Healthcare experts, providers, and advocates who serve kids support this policy. They are the people in the trenches every day helping kids with their behavioral health.  

“As a pediatrician and child psychiatrist, I know first-hand how identifying a mental health issue early and providing timely support and treatment can positively change the trajectory for a young person,” said Anne Bird, M.D., Medical Program Director of Behavioral Health Integration at Rady Children’s Hospital-San Diego. “Yet families frequently face substantial barriers to receiving the care they need, including long wait times and a shortage of qualified mental health specialists. Finding ways to advance San Diego County’s behavioral health system, particularly around early identification and early intervention, for our children and youth represents an important and critically needed step forward.”  

“As the County's oldest provider of children's behavioral health services, we at SDCC are deeply concerned that resources and workforce are not keeping up with the significant and growing behavioral health needs in our community for children and families,” said Cheryl Rode, Vice President Clinical Operations, San Diego Center for Children. “We appreciate and support the efforts of Supervisor Lawson-Remer to ask the Board to explore how our public and private institutions can better work together to address this challenge.” 

If Supervisor Lawson-Remer’s policy passes, families will have greater access to providers of all sizes – it's about providing options that work for the kids. 

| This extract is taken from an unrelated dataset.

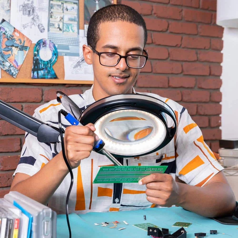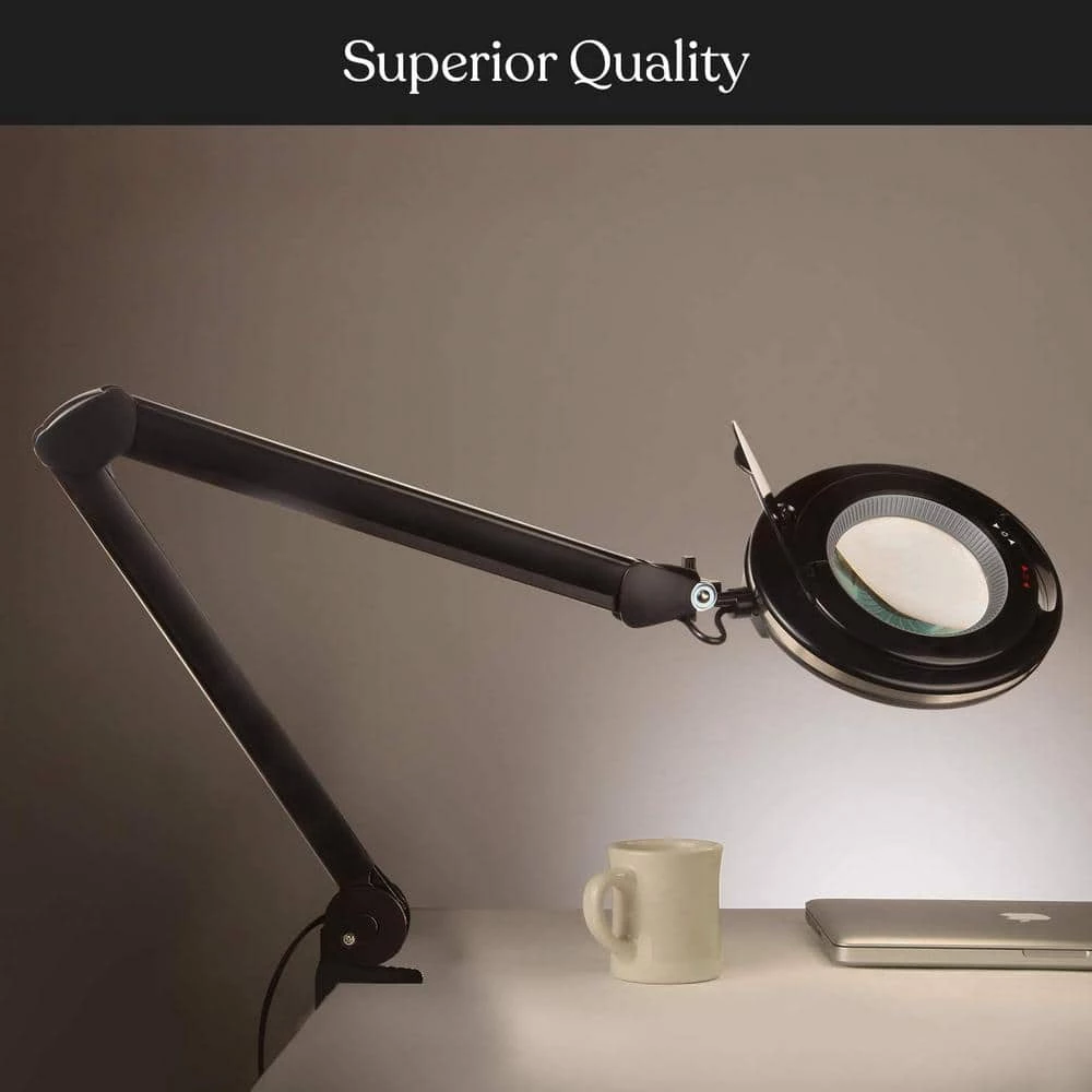Best Led Magnifier Lamp For Reading and Close Work. Comfortable, Unlike Magnifying Glasses/Headsets: Enjoy newspapers and books even with vision problems such as ageing eyes or macular degeneration. The 3 in. lens magnifies up to 225% (2.25X), with things in focus 8 in. away. Avoid strapping painful headsets or heavy, uncomfortable and awkward magnifying glasses, when at your work bench/table.

“Early identification and intervention in mental health issues can prevent more serious problems from developing. There is an urgent need and opportunity to build more capacity to detect and treat signs of mental health distress upstream before they escalate,” said Marlon Morgan, Founder and CEO, Wellness Together. “Supervisor Lawson-Remer’s Children and Youth Behavioral Health Continuum Framework proposal will support all stakeholders working together to more efficiently meet the overwhelming need for effective and accessible youth mental health services.”

Parents also see value in the policy. The lack of easily accessible mental health and addiction treatment resources for kids is constantly being battered by parents.  

Kristina Halmai-Gillan, LMFT Director of Service Innovation for YMCA San Diego, and a District 3 parent spoke about her experience as a community-based clinician advocating for prevention, early intervention, and innovative treatment strategies to support children’s mental-emotional well-being. Children’s mental health deserves a robust continuum of care and a cross-disciplinary response. The Children and Youth Behavioral Health Continuum Framework is the best way forward and the time to act is now, children’s lives depend on it.